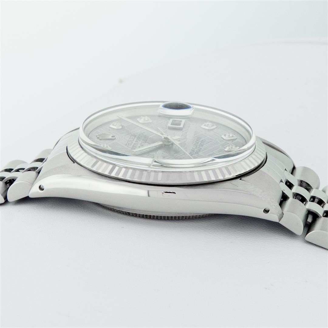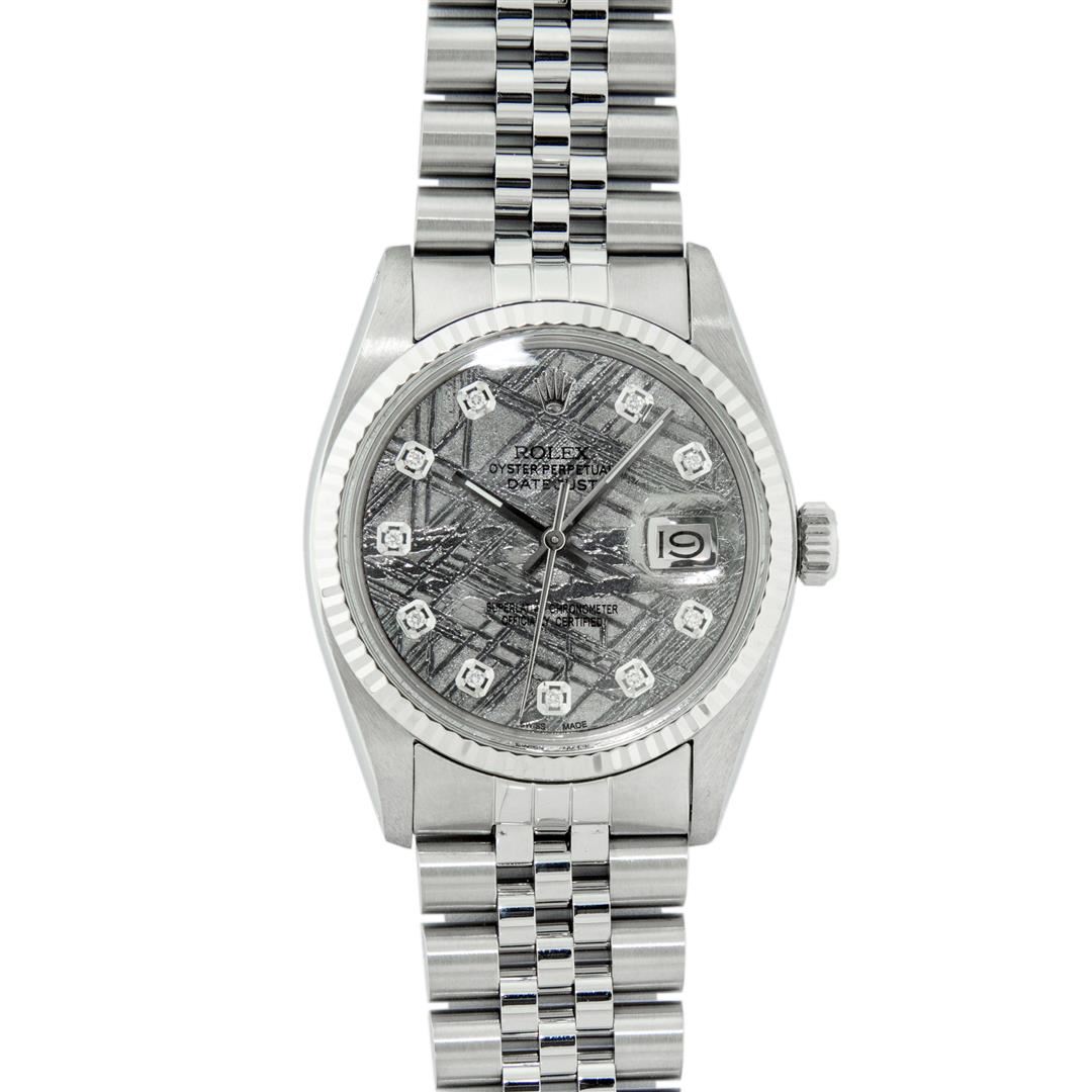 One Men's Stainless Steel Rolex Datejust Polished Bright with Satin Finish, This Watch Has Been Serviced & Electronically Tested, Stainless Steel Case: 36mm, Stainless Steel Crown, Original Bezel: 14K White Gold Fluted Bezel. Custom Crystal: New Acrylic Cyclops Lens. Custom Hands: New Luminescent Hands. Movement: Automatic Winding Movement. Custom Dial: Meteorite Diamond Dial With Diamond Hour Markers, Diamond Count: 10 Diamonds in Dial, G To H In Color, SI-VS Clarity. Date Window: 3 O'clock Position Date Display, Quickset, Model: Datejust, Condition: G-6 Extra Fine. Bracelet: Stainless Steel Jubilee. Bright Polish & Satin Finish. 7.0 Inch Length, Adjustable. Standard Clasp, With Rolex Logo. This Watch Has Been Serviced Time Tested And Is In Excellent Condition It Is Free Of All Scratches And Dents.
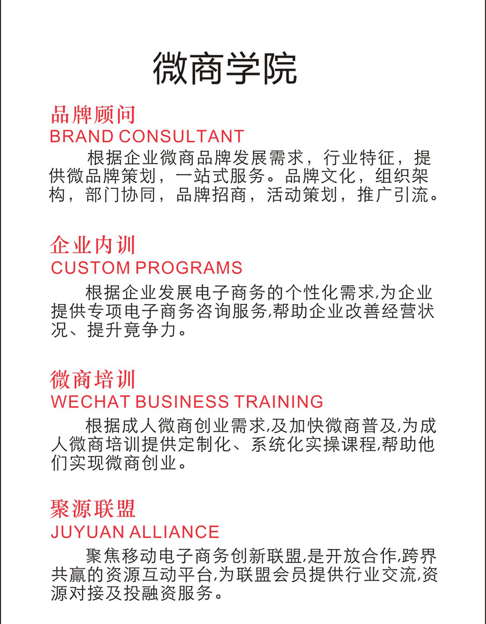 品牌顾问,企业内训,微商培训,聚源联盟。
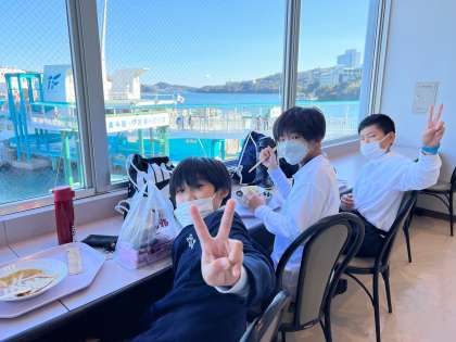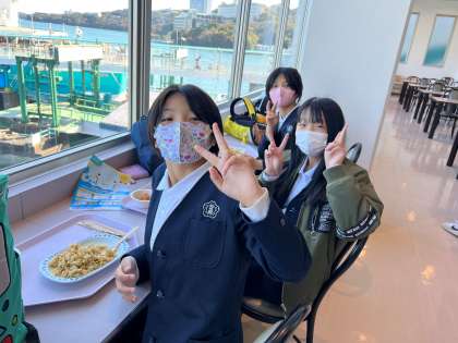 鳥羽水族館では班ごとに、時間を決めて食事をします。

━━━━━━━━━━━━━━━━

**What you will do**
Everything in the data except the pictures needs to be written out exactly.

**Task solution**
 One Men's Stainless Steel Rolex Datejust Polished Bright with Satin Finish, This Watch Has Been Serviced & Electronically Tested, Stainless Steel Case: 36mm, Stainless Steel Crown, Original Bezel: 14K White Gold Fluted Bezel. Custom Crystal: New Acrylic Cyclops Lens. Custom Hands: New Luminescent Hands. Movement: Automatic Winding Movement. Custom Dial: Meteorite Diamond Dial With Diamond Hour Markers, Diamond Count: 10 Diamonds in Dial, G To H In Color, SI-VS Clarity. Date Window: 3 O'clock Position Date Display, Quickset, Model: Datejust, Condition: G-6 Extra Fine. Bracelet: Stainless Steel Jubilee. Bright Polish & Satin Finish. 7.0 Inch Length, Adjustable. Standard Clasp, With Rolex Logo. This Watch Has Been Serviced Time Tested And Is In Excellent Condition It Is Free Of All Scratches And Dents.
 品牌顾问,企业内训,微商培训,聚源联盟。
 鳥羽水族館では班ごとに、時間を決めて食事をします。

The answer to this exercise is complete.